Does it have as many ready bioinformatics modules / libraries? If not, then stopping bioinformatics/bilogists from using it would be as futile as stopping astronomers from using FORTRAN
Jakub Narębski
BioPython isn't quite as mature as BioPerl, but it's getting there. (There's also BioRuby, but it's a distant third.) I have no idea what the chemists use; the physicists I know all use C.
Meredith L. Patterson
+2  A: 

Draw parallels with statistics. Stats is a crucial part of scientific research, and one where the only sensible advice is: either learn to do it properly, or get an expert to do it for you. Incorrectly-done stats can completely undermine a paper, just as badly-written code can completely undermine a public database or web resource.

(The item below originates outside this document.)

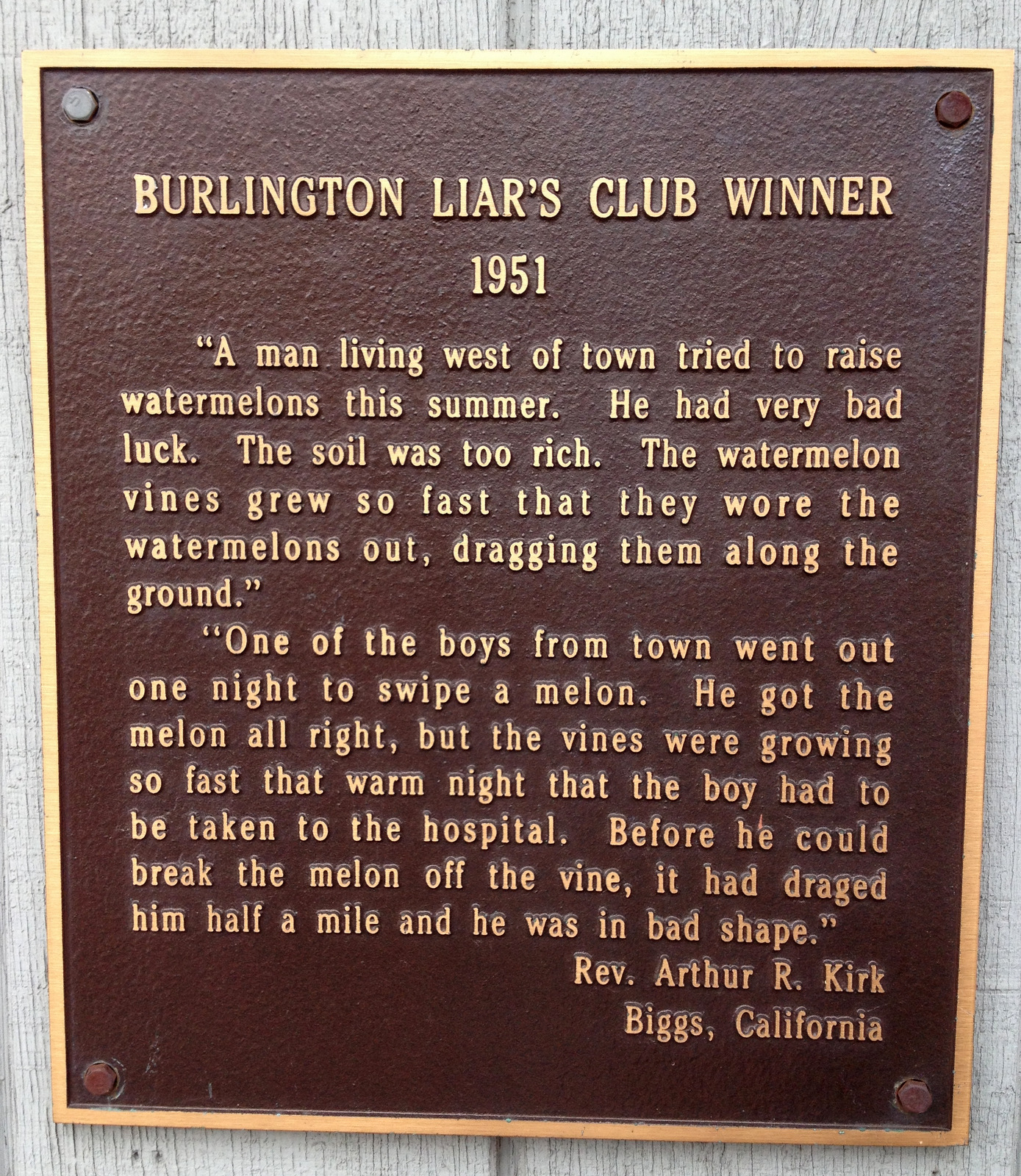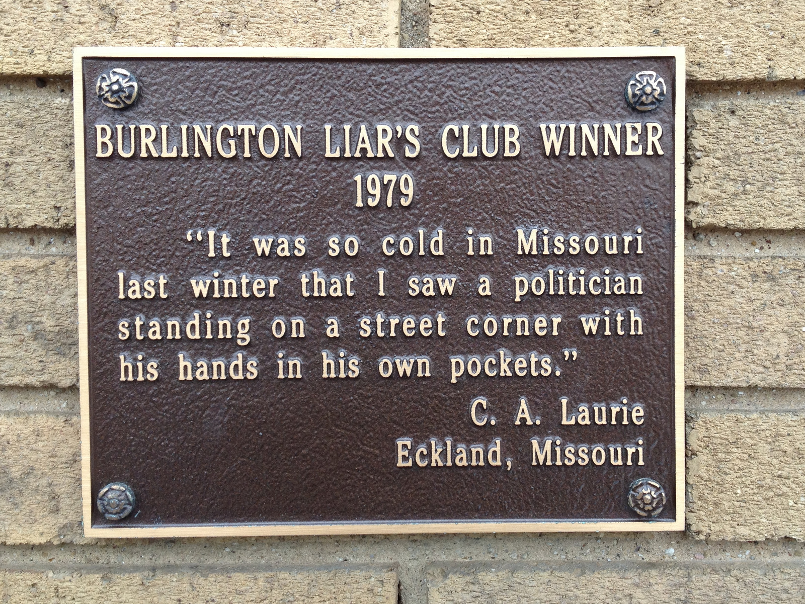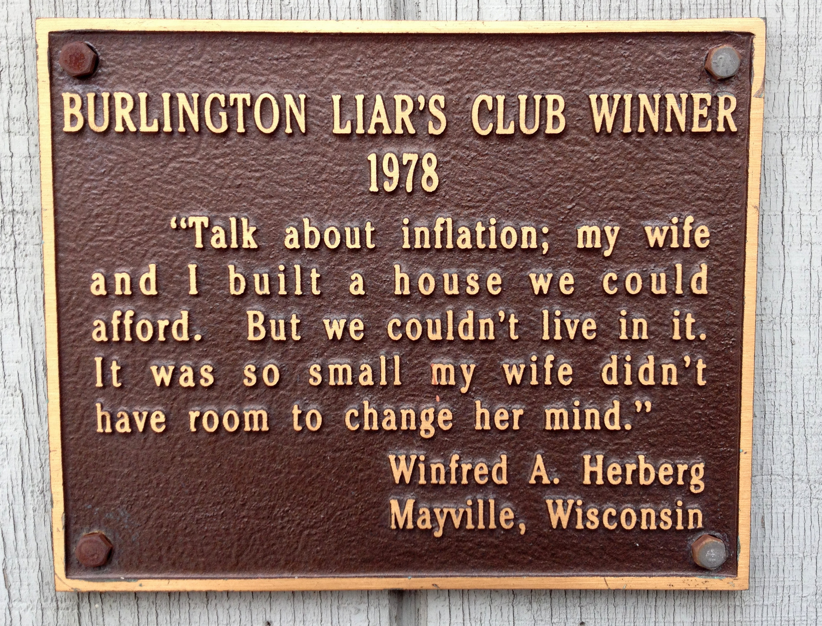 The Burlington Liars Club was founded in 1929 when two bored reporters fabricated a news story about a lying contest between the police and fire departments. Each year since, there’s been contest for champion liar and the winning entries are posted on plaques around town.

PS: This blog is very good, but getting them to read it will be an uphill struggle: Programming for Scientists

Andrew Clegg
A: 

To be devil's advocate, is teaching scientists to be good software engineers the right thing to do? Software in research is usually very purpose specific - sometimes to the point where a piece of code needs to run successfully only once on a single data set. The results then feed into a publication and the goal is met. And there's a high risk that your technique or algorithm will be superseded by a better one in short order. So, there's a real risk that effort spent producing sparkling code will be wasted.

When you're frustrated by wading through a swamp of ill-formed perl code, just think that the code you're looking at is one of the rare survivors. Mountains of such code has been written, used a few times, then discarded never to see the light of day again.

I guess I'm just saying there's a big place in research for smelly heinous one-off prototype code. There are good reasons why such code exists. It may not be pretty, but if it gets the job done, who cares? We can always hire a software engineer to write the production-ready version later, IF it turns out to be justified, and let our scientists move on.

+1  A: 

Chris,

I agree with you to a degree, but in my experience what ends up happening is that in their eagerness to publish you end up with too many "me too" codes and methods, which don't really add to the quality of science. If there was a little more thought about open sourcing code and encouraging others to contribute (without necessarily getting publications out of it) then everyone would benefit.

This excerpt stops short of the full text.